(Stored dataset items)
———

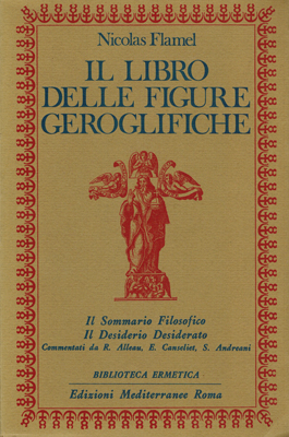 Il libro delle figure geroglifiche. (Il sommario filosofico. Il desiderio desiderato). Edizioni Mediterranee, Roma 1986. Preceduto da un’Introduzione di René Alleau. E da uno Studio storico su Nicolas Flamel di Eugène Canseliet. E seguiti da una postfazione di Stefano Andreani. Traduzione dell’originale francese di Barbara Turco. 192 S., 2 Bl. Vlgs.-Anz. illustr. OKarton.
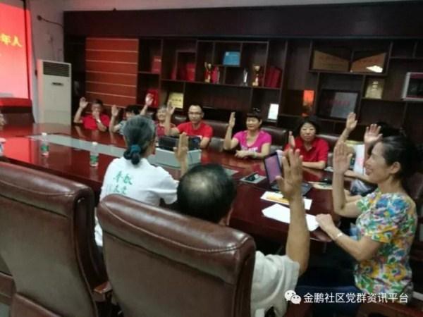 新一届的金鹏老协班子成员表示:将以服务老人为理念,坚持党政主导,全民关怀,积极开展社区老年协会各项为老服务一系列的工作,使今后的老协工作提高到一个新的水平。
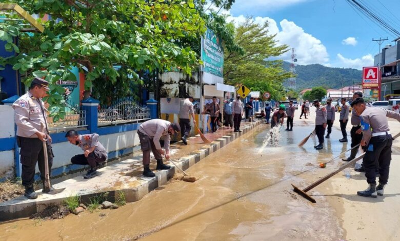 Jalan Protokol, Sekolah, Rumah penduduk dan fasilitas lain dibersihkan personil Polres Tolitoli dengan menggunakan peralatan seadanya dibantu Mobil Watercanon untuk menyemprot sisa-sisa lumpur,
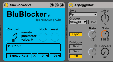 | Description: | This device is made to block certain values on a dial or slider, a typical example would be the BluBlocker controlling an arpeggiator sync rate and blocking 1/3, 1/6, 1/12 etc. so when you twist your dial it will skip these values and you can go straight from 1/2 to 1/4 to 1/8. It can be used on any parameter. Click the box on the bottom left then click the parameter you want to map, use the Control dial to choose a value you want to block and press the block button. Blocked values will show up in the text box below the buttons and you can even write them in yourself, they will always display as integers. To reset the list press the reset button. |
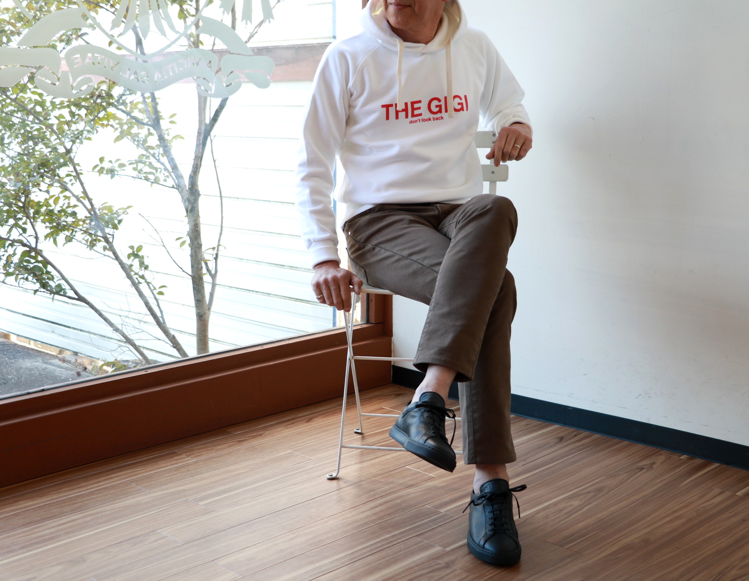 小出しではなく、今週から一気にお見せする【THE GIGI/ザ・ジジ】の2019年春夏コレクション。ロゴ入りのスウエットパーカーの足元を飾ったのも【C.QP/シーキューピー】でした。
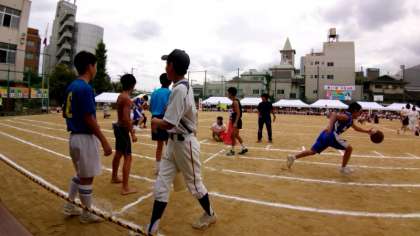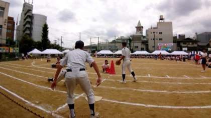 「クラブ対抗リレー」の締めくくりは運動部男子。卓球・サッカー・水泳(男子)・男子バスケットボール・野球部の皆さんが1位を競いあいます。本部席前では、野球部の皆さんのスライディングやサッカー部の皆さんのオーバーヘッドシュートなど豪快なパフォーマンスを披露してくれました。
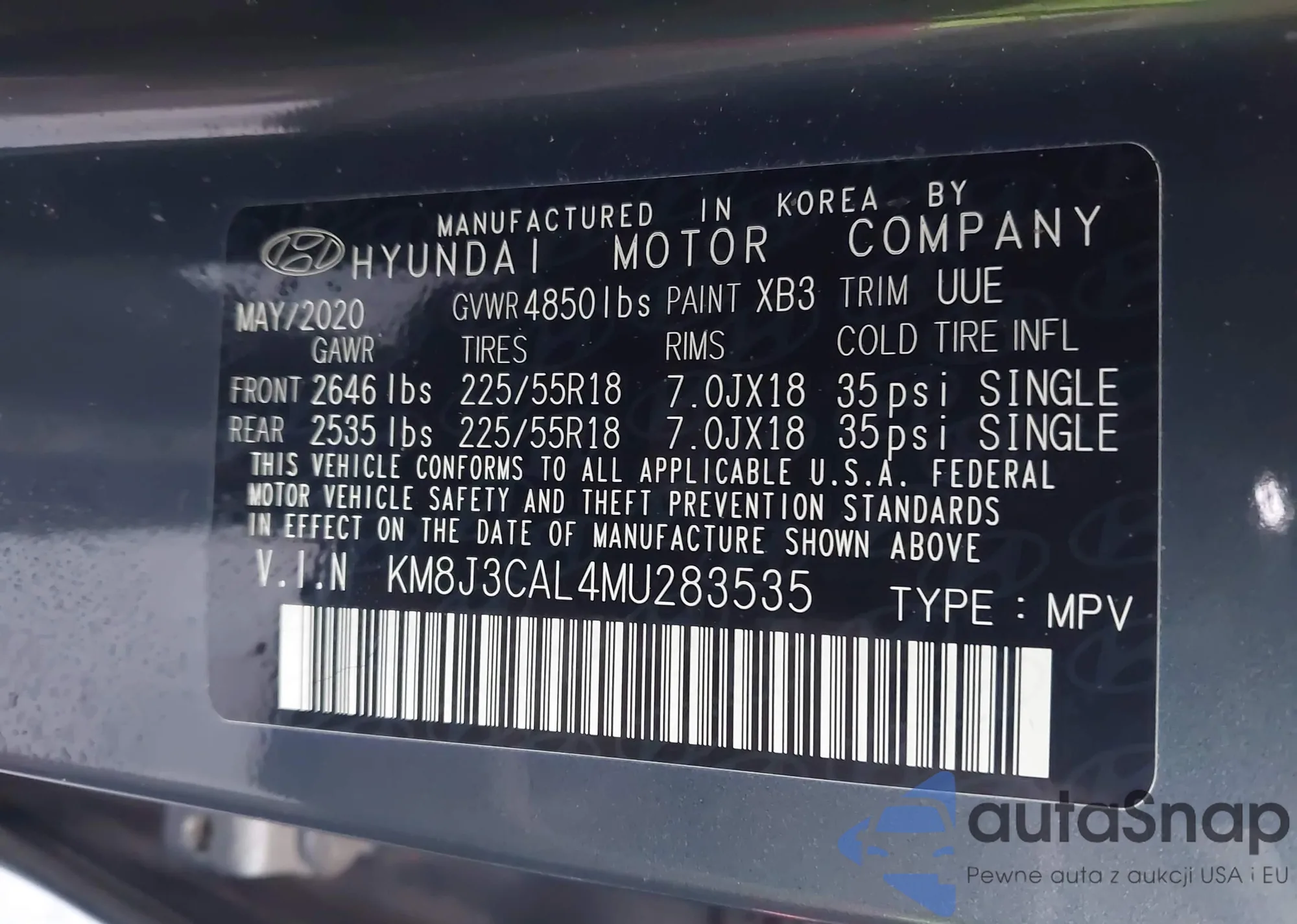 • VIN KM8J3CAL4MU283535
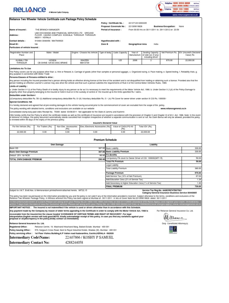 Exclusions under Reliance two wheeler insurance plans. Ad Search Faster Better. Reach the office and provide the registration number of your two wheeler.
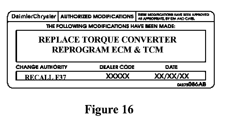 a. Type or print (with a ballpoint pen) the recall number, dealer code and date on the Authorized Modifications Label (Figure 16).
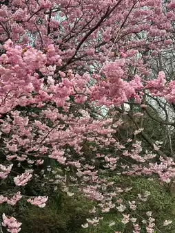 The cherry trees in front of me are tall and dense, the branches of the weeping cherry trees hang down like waterfalls, and the pale pink flowers of the Somei Yoshino cherry trees look particularly soft in the sun. Every time the wind blows, it brings a rain of petals, making people unable to help but reach out their hands to catch these falling elves.

———

## WORK REQUEST
With the pictures left out, write out exactly the lines above from the one containing "新一届的金鹏老协班子成员表示" through the one containing "Jalan Protokol, Sekolah, Rumah".

## EXERCISE OUTPUT
 新一届的金鹏老协班子成员表示:将以服务老人为理念,坚持党政主导,全民关怀,积极开展社区老年协会各项为老服务一系列的工作,使今后的老协工作提高到一个新的水平。
 Jalan Protokol, Sekolah, Rumah penduduk dan fasilitas lain dibersihkan personil Polres Tolitoli dengan menggunakan peralatan seadanya dibantu Mobil Watercanon untuk menyemprot sisa-sisa lumpur,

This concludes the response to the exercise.